May it be the most powerful man in the country or the least fortunate in our society.

But who is the Grand Old Man of Cebu?

SERGIO OSMEÑA: REMEMBERING THE GRAND OLD MAN OF CEBU
(1878-1961)

Sergio Osmeña is commonly associated with the Philippine fifty-peso bill since it bears his image. Popularly known as the “Grand Old Man of Cebu”, Osmeña rose from being a newspaper reporter to the Presidency of the Philippine Republic in1944-46.

Juana Suico Osmeña was only fourteen years old when she gave birth to Sergio Osmeña on September 9, 1878. Sergio used Osmeña as family name since Juana was not officially married to anyone. It is no secret in history that he grew up without knowing his father, but it didn’t hinder him from joining the roster of the iconic Filipino leaders.

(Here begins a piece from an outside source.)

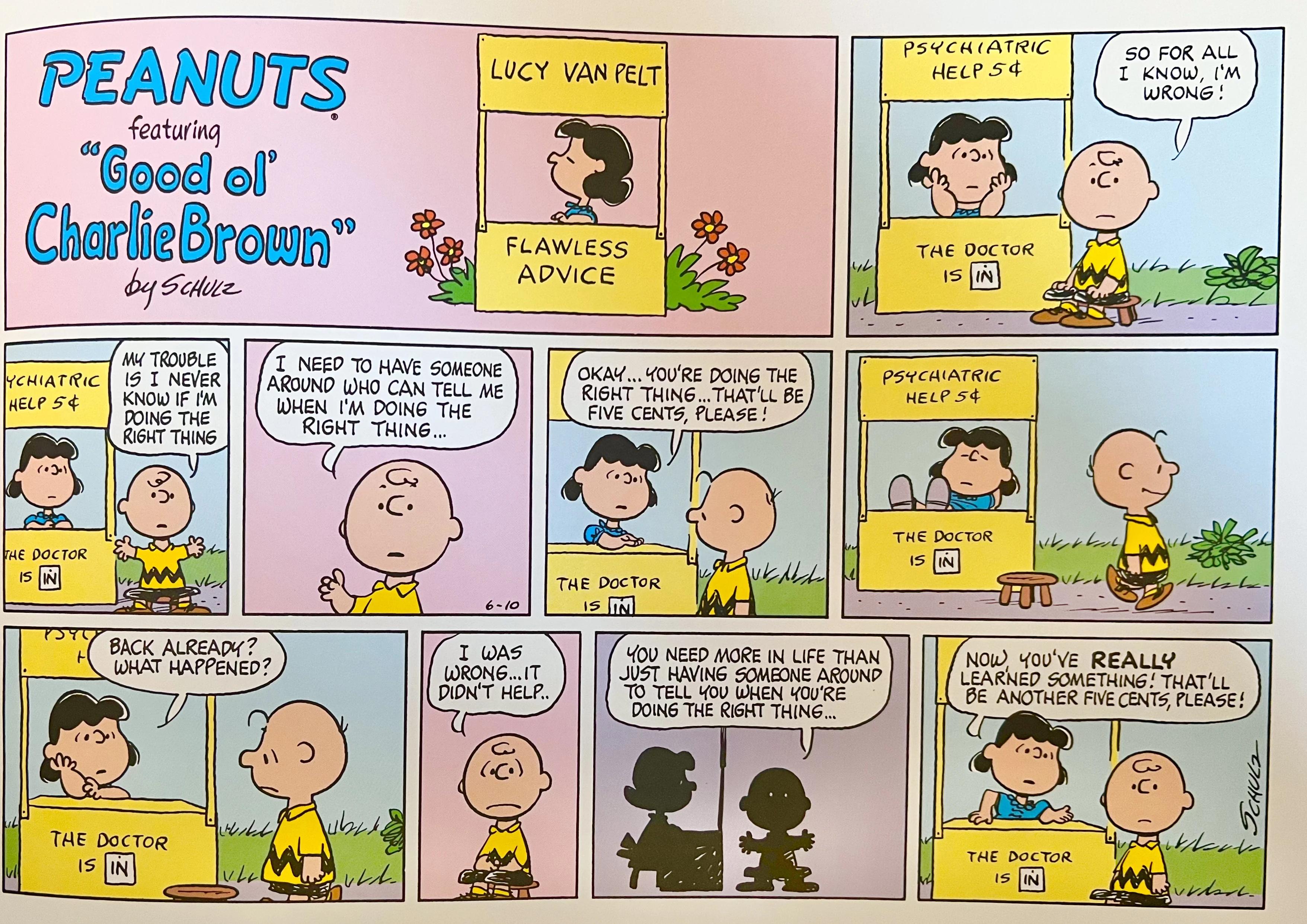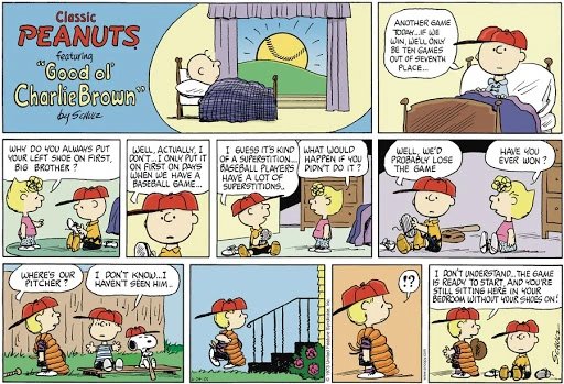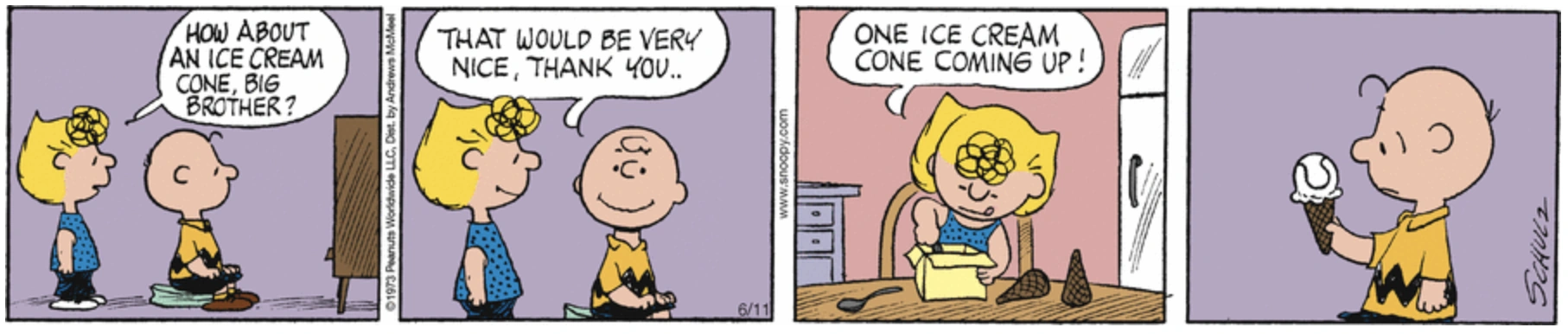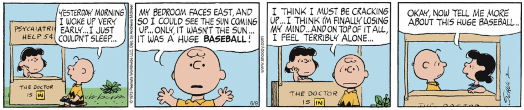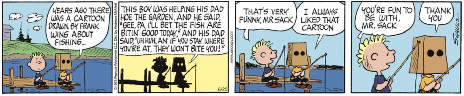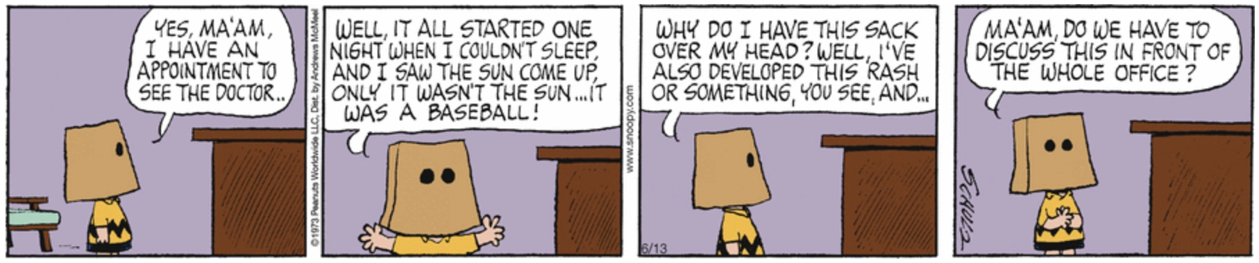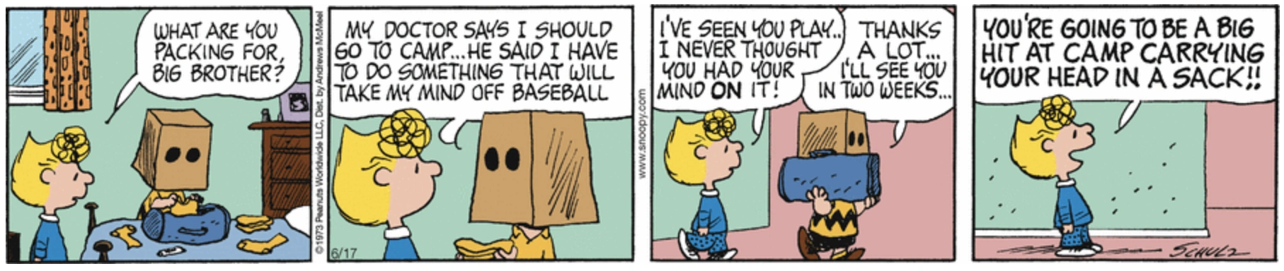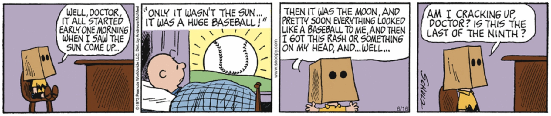 June 11, 1973 (Start of a storyline which was later adapted as the segment "Sack" in the 1983 TV special It's an Adventure, Charlie Brown) (Later appeared on the sides of the box containing a bobblehead of Charlie Brown in a Detroit Tigers uniform that was given out for free at the June 20, 2010 Arizona Diamondbacks-Detroit Tigers game in Detroit as part of the Peanuts 60th anniversary celebration. Schulz once admitted that this was his favorite story of the whole Peanuts series)

Sergio obtained his elementary education in a private school administered by Martin Medalle. He later entered the Colegio de Segunda Enseñanza under the supervision of Miguel Logarta. At the age of eleven, he enrolled in the high school of the Seminario Colegio de San Carlos, passing all of his subjects at the end of the year with a grade of sobresaliente. In 1894, Sergio transferred to Manila to study at the Colegio de San Juan de Letran, where he first met Manuel Quezon. He earned a degree in Bachelor of Arts, prior to his Law course in the University of Santo Tomas. He continued to support himself as a working student. In UST, Sergio and Emilio Jacinto were classmates.

The outbreak of the Revolution in Manila forced Sergio to return to Cebu to continue his studies. He worked as a part-time court recorder for the Cebu Audiencia and a personal aide to the Spanish military governor of Cebu. At the same time, he was a contributor of articles to El Boletin de Cebu, the only provincial newspaper at that time; and to the Spanish Manila- based periodical, El Comercio. Sergio’s excellence as a journalist earned him the prestigious Medalla del Merito Civil.

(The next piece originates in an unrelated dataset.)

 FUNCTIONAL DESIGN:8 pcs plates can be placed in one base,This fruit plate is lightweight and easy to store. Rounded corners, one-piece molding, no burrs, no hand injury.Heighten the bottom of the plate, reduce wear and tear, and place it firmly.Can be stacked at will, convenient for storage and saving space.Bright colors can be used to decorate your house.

Sergio went back to Manila in 1897 to resume his studies. However, new anti-Spanish uprisings forced him to flee to Borbon in Cebu since he was identified with the Spaniards. Returning to Manila after two years, he covered the retreat of Emilio Aguinaldo for a Cebu newspaper. Sergio gave his support to the besieged republic, providing Aguinaldo updates with the developments in Cebu. He became an associate of Juan Climaco, an influential Cebuano illustrado and a republican.

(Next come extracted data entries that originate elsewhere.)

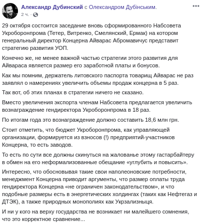 "Конечно же, не менее важной частью стратегии этого развития для Абромавичуса является размер его заработной платы и бонусов. Абромавичус не раз заявлял о намерениях увеличить объемы продаж концерна в 5 раз. Так вот, об этих планах в стратегии ничего не сказано. Вместо увеличения экспорта членам набсовета предлагается увеличить вознаграждение гендиректора "Укроборонпрома" в 18 раз", - написал Дубинский.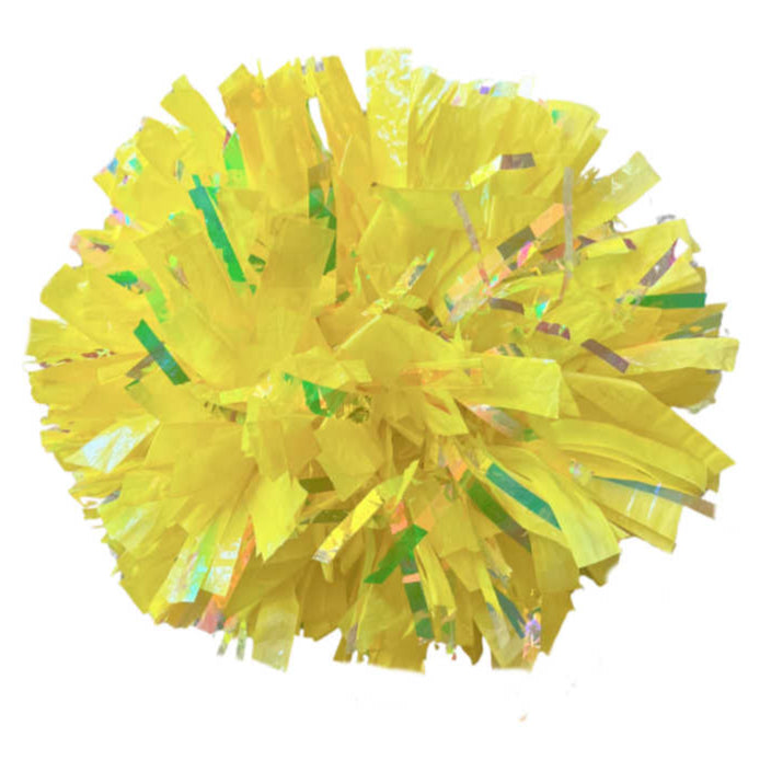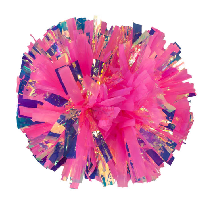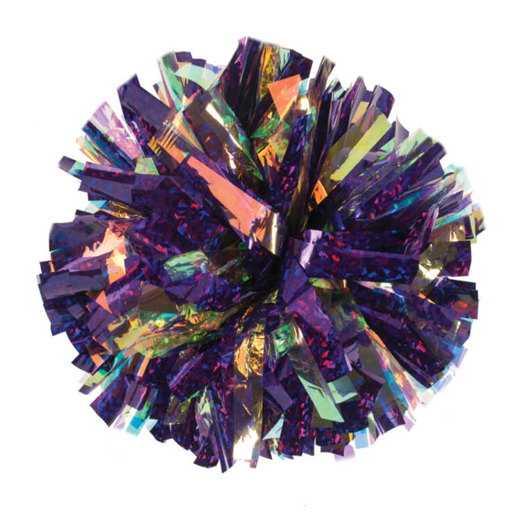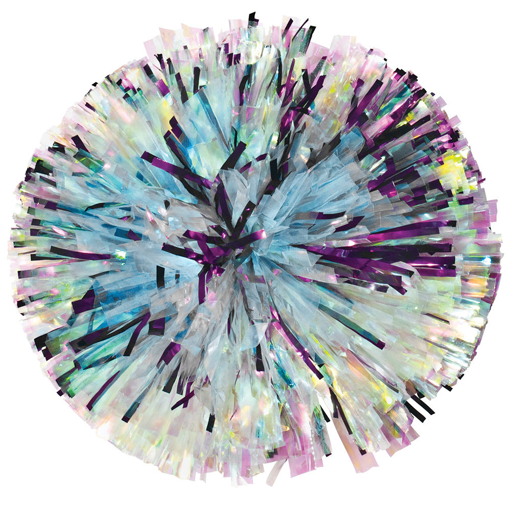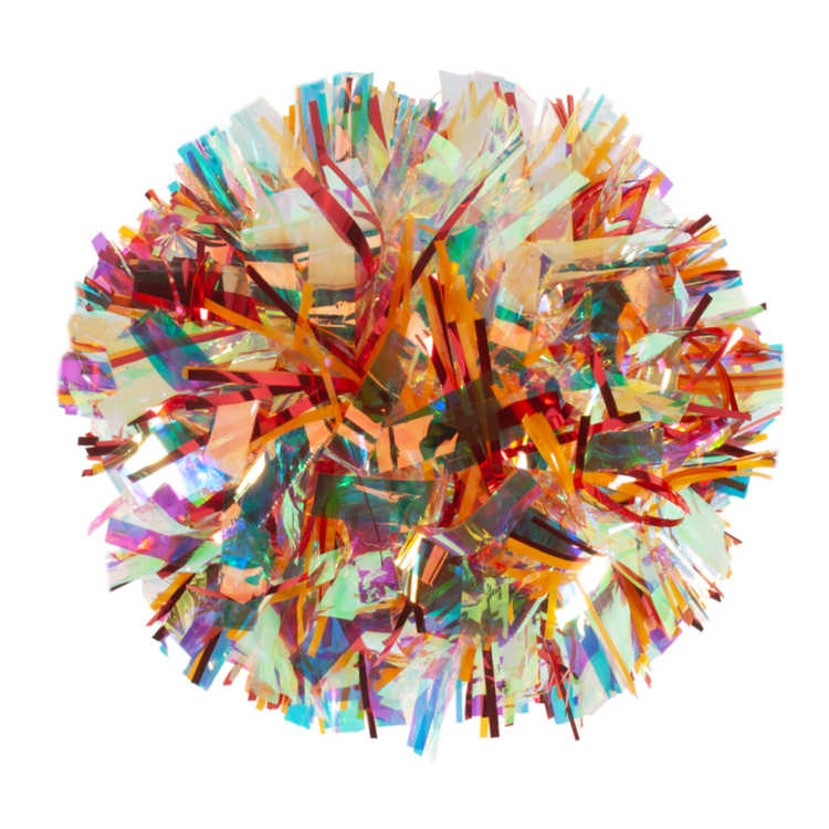 Iridescent reflects primarily pink and green tones, along with occasional blues, purples and golds depending on the light. It doesn't appear to change color like Laser does. It is an excellent option to add a light and airy feel to your pom or a pop of shine.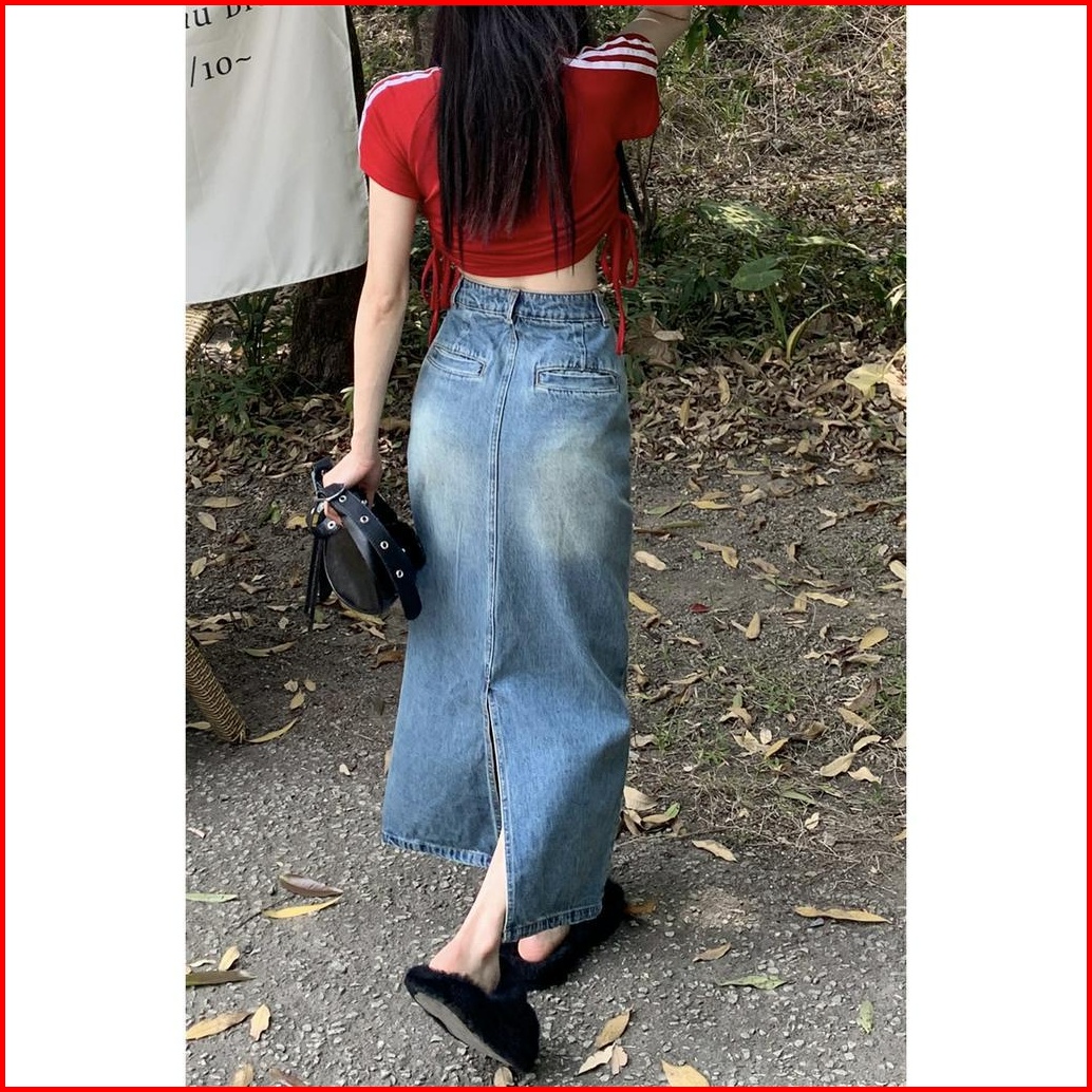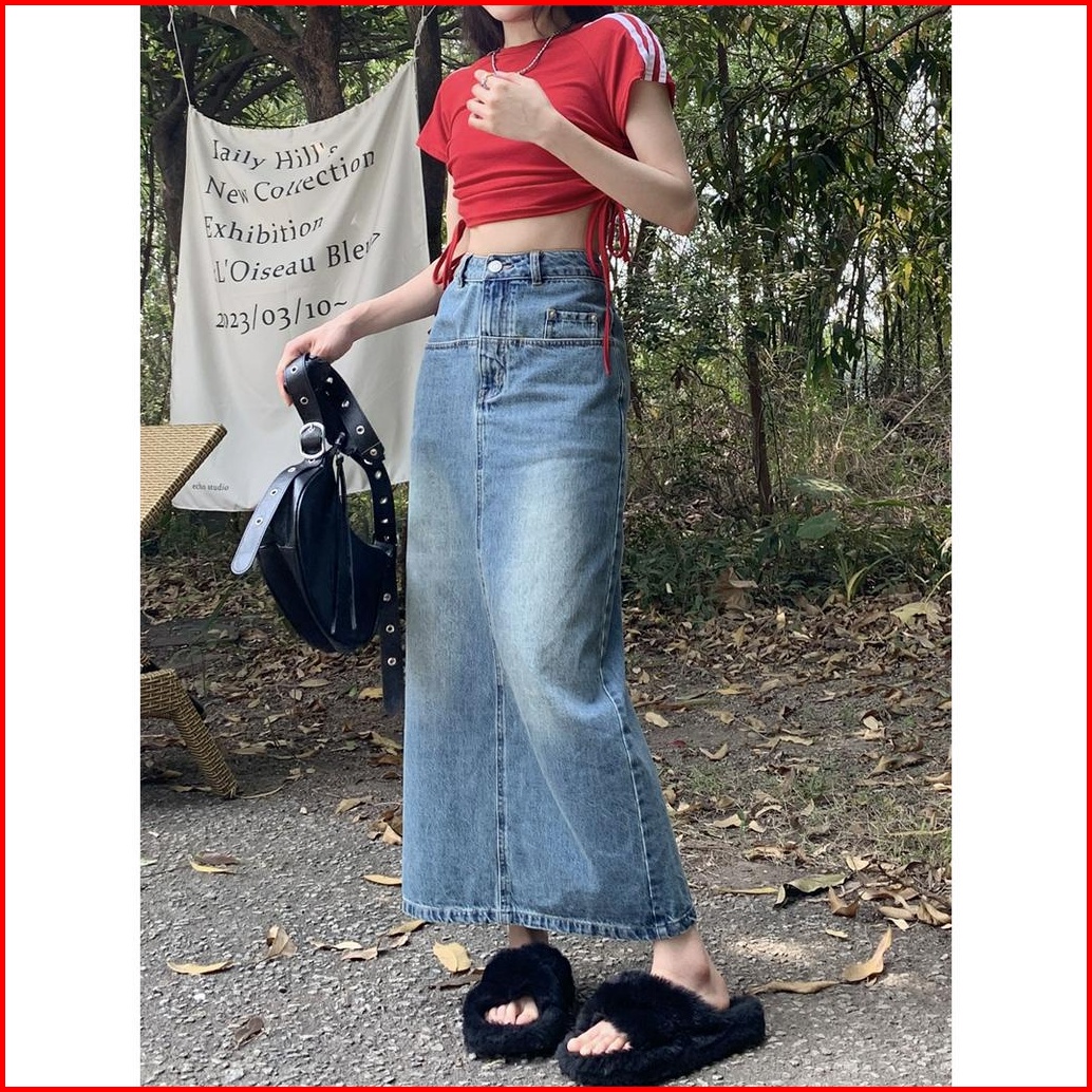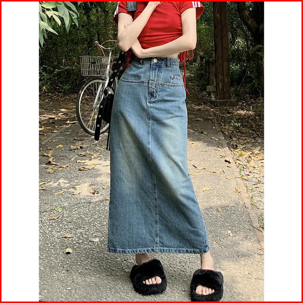 Rok Denim Highwaist Vintage Washed Rok A-line Premium Korean Style Rok Vintage Panjang

Before travelling to the north, Sergio met Estefania Chiong Veloso, daughter of Nicasio Chiong Veloso, a business tycoon in Cebu. He generously gave Sergio a capital of 30,000 pesos to establish the first daily periodical in the province; and on April 16, 1900, the first issue of El Nuevo Dia was published. Working with Rafael Palma and Jayme de Veyra, Osmeña put out El Nuevo Dia, not for the purpose of making a profit but to spread the concept of preserving liberty among the Filipinos.

Sergio married Estefania on April 10, 1901. In 1903, he took the examination for aspiring lawyers, and placed second in the overall ranking with an average grade of 95.66, and got 100 percent in Penal Code and Civil Procedure.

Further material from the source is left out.